With the medical example, am I right in concluding that the reason we cant have separate nodes for “Heart attack under 50” and “lifetime number of heart attacks” is lack of data? If we had the complete medical records of a million people we would be able to find the correlation between these nodes, but currently only have medical papers and “we aren’t likely to be able to find a paper that quantifies that correlation.” Is that correct?
Yes, that’s true. Highly multivariate data would make a lot of medical research easier, but as far as I know it’s very difficult to obtain. Even with more variables observed we wouldn’t necessarily be able to observe every conceivable variable, but I could imagine an experiment with so much data that it answered all questions of this form that a human would be likely to pose.
One more thing, from the description you’re giving of how you intended to build your Bayes net, the error you’re committing is trying to read the probabilities directly from the papers. You can’t do that for the reasons you mention and others. You’re getting the arrow backwards, the principled way to do this is to update your model conditional on such and such paper having been published. Conditional on your model of human diseases and metabolism, what is the probability than X et al. wrote and publish a paper that showed increase heart diseases among 50 years old? Update on *that*. And you get to deal with small sample size and publication bias for free because you can incorporate those straightforwardly in that model.
Now, your *computational* problems become much worse, but those you can deal with by making simplifications and compromises, but you know exactly what compromises you’re making.

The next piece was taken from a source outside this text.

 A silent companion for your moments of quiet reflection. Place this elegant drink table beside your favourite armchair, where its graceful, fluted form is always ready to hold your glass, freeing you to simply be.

An unprincipled approach might be tempting because it seems that it could almost work, but there’s a debt you keep on paying.
That would require my having a model of the human body. I can see that this would be better, but it would require way more domain-specific medical knowledge than I was prepared to invest in at the time. Existing “expert systems” for automated diagnosis are significantly less principled than the way I was trying to do it; their idea of a conditional probability for “disease, given symptom” is the frequency of co-occurrence of disease words and symptom words in medical documents.

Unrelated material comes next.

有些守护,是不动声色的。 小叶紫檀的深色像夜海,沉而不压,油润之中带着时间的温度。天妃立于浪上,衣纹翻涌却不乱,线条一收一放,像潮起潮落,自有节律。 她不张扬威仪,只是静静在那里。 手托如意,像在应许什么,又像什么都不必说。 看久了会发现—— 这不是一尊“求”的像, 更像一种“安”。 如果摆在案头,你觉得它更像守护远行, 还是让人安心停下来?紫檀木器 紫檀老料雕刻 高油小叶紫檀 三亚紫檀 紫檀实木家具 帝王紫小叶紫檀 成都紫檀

If we throw away results that are not easily commensurable, keeping only the strongest and most general, do we expect to make non-negligibly better predictions than without this model?
If we try commensurability with various approximations/heuristics (e.g., “risk factor A increases heart attack risk under age 50 by 5%” => “and gives us zero knowledge for ages 50+” combined with existing actuarial data on heart attack risk by age to get the result’s impact on lifetime heart attack risk), do we expect to make better predictions than without this model?